> _Records provided_:
+++

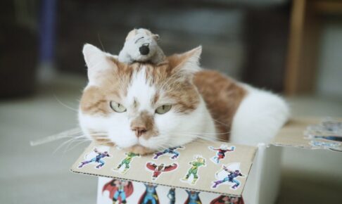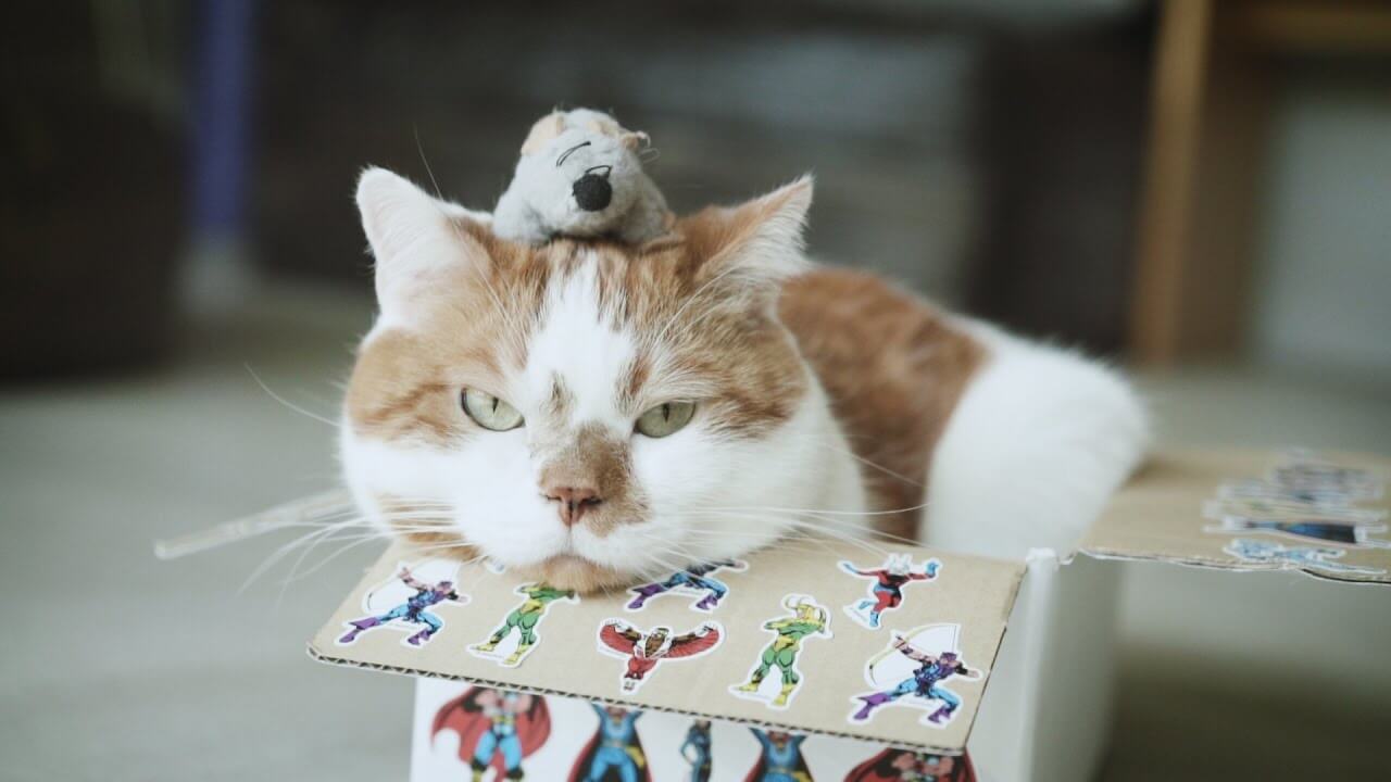 小さな段ボールの箱のなかにぎゅうぎゅうになりながらも入り込んでまったりしていたどんこですが、頭の上にネズミを乗っけて得意そうな顔で出迎えてくれました。
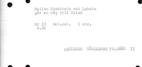 //// I Mellan Stockholm och Laholm //// ; går en väg till Ystad //// ^ Nr 12 Mel.not. 1 str. //// s.26 //// HELLGREN SÅNGLEKAR FR.NÄÄS II ////
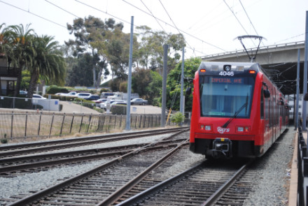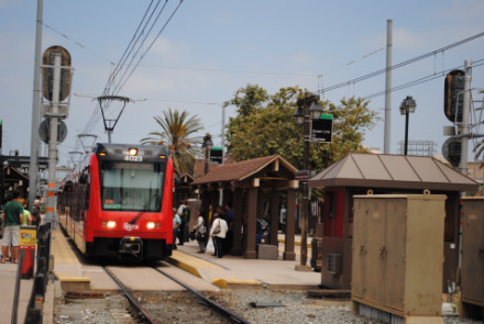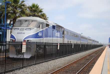 Next a Green Line Trolley for 12th and Imperial came through. Pacific Surfliner 768 was running late and arrived after I boarded my Coaster train.
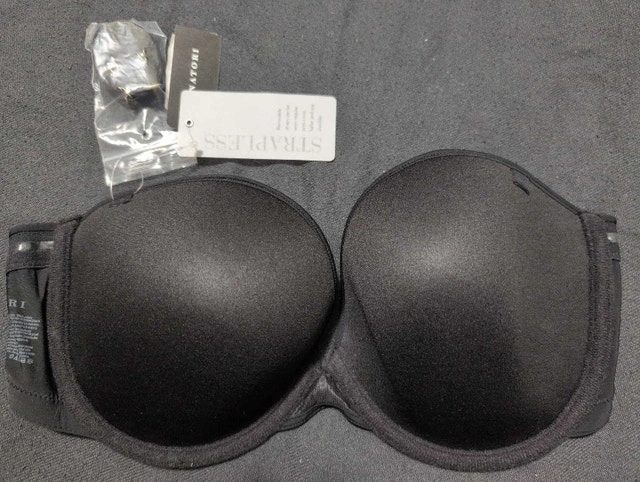 This is a Natori strapless bra in size 34DD. It is in brand new condition with tags. This bra offers excellent support and a smooth silhouette under clothing, making it a versatile addition to your lingerie collection. Brand: Natori, Size: 34DD, Style: Strapless, Colour: Black, Condition: New with tags. If the ad is up, then yes, it's still available!
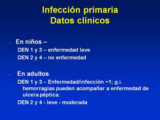Durante la primera infección, hay marcadas diferencias en la patogenicidad de los virus del dengue que se observan con la enfermedad, siendo más severa en adultos que en niños. |
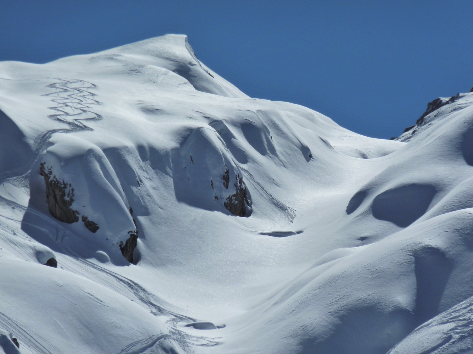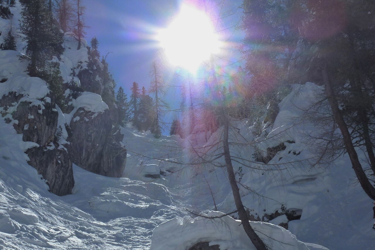 Um die Mittagszeit steht die Sonne direkt über dem schmalen Taleinschnitt. Und wir hatten als Erster eine sensationelle Tiefschneeabfahrt!
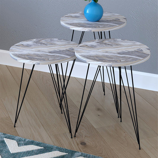 Βοηθητικά τραπέζια σαλονιού Ilvyn PW σετ 3τεμ απομίμηση λευκό γκρι μαρμάρου-μαύρο
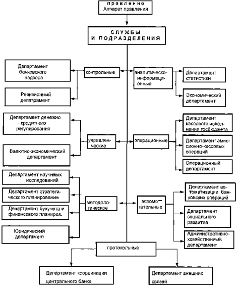 Соответственно в основной своей массе вновь созданные коммерческие банки имеют оргструктуру бесфилиального банка с небольшим количеством функциональных подразделений: кредитный, коммерческий и административно-хозяйственный отделы, отдел кассовых операций (в банках, осуществляющих кассовое обслуживание клиентов), бухгалтерия. В банках, получивших лицензию на осуществление валютных операций, создаются соответствующие подразделения для осуществления операций в иностранной валюте.
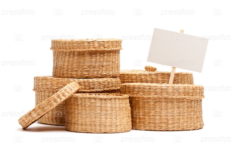 Плетеные корзины разного размера и пустая табличка на белом фоне
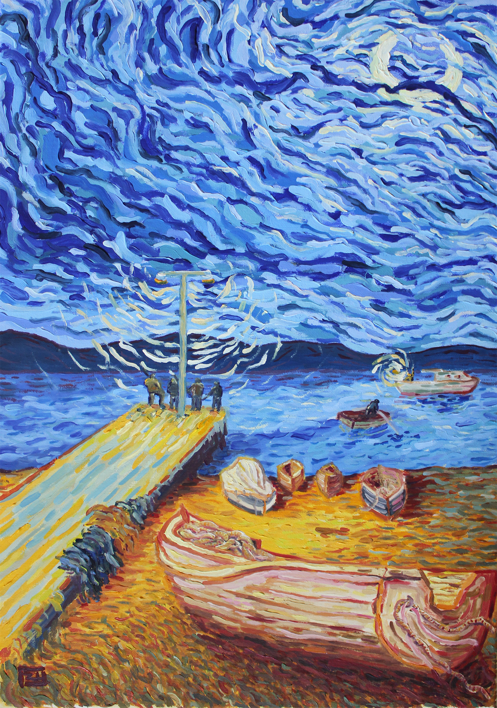 Evening Fishers With Moon 🔴
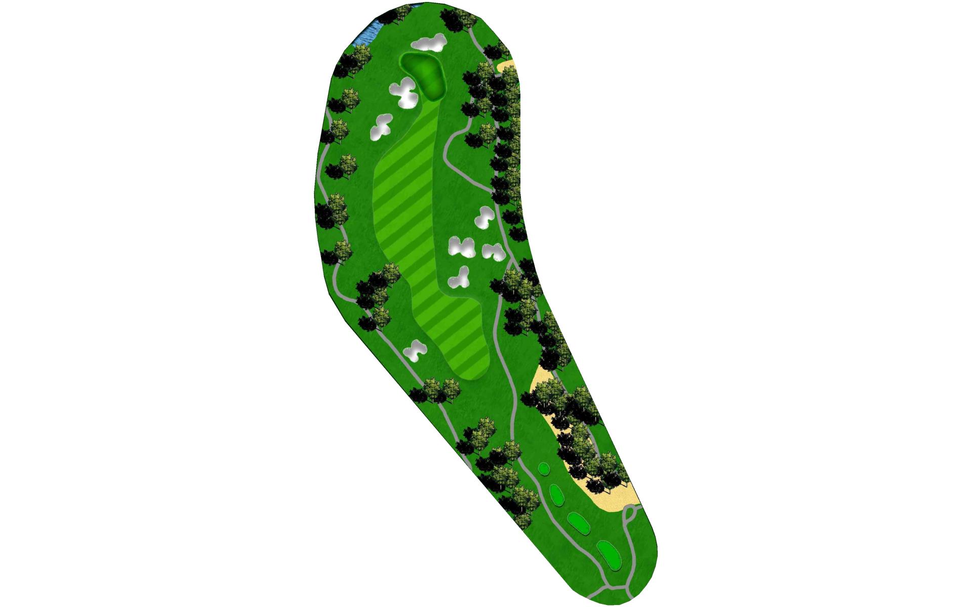 Although this par 4 bends slightly right overall, the tee shot favors a right to left shape to avoid the trees hanging over the left side of…
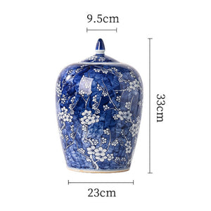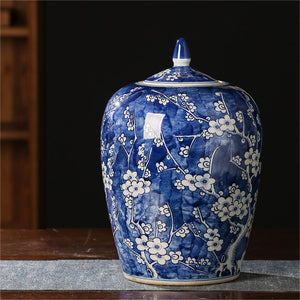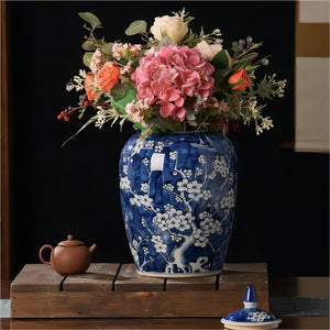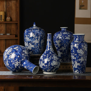 Introducing our exquisite hand-painted plum blossom blue and white porcelain collection, a timeless set of four meticulously crafted ceramic pieces that blend traditional artistry with functional elegance. This collection includes two vases, one lidded jar, and a slender-neck vase, all adorned with delicate plum blossom motifs symbolizing resilience and beauty.
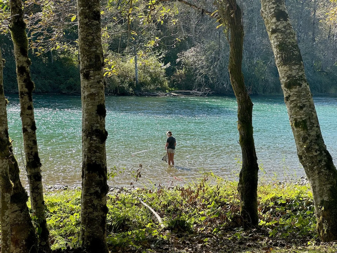 Sadie listening to an audiobook and fishing for salmon in the Skagit River

+++

> _Exercise_: Exercise for the records above: copy only the lines from the one with "Соответственно в основной" to the one with "Although this par", both ends kept, and drop the pictures.

> _Your response_:
 Соответственно в основной своей массе вновь созданные коммерческие банки имеют оргструктуру бесфилиального банка с небольшим количеством функциональных подразделений: кредитный, коммерческий и административно-хозяйственный отделы, отдел кассовых операций (в банках, осуществляющих кассовое обслуживание клиентов), бухгалтерия. В банках, получивших лицензию на осуществление валютных операций, создаются соответствующие подразделения для осуществления операций в иностранной валюте.
 Плетеные корзины разного размера и пустая табличка на белом фоне
 Evening Fishers With Moon 🔴
 Although this par 4 bends slightly right overall, the tee shot favors a right to left shape to avoid the trees hanging over the left side of…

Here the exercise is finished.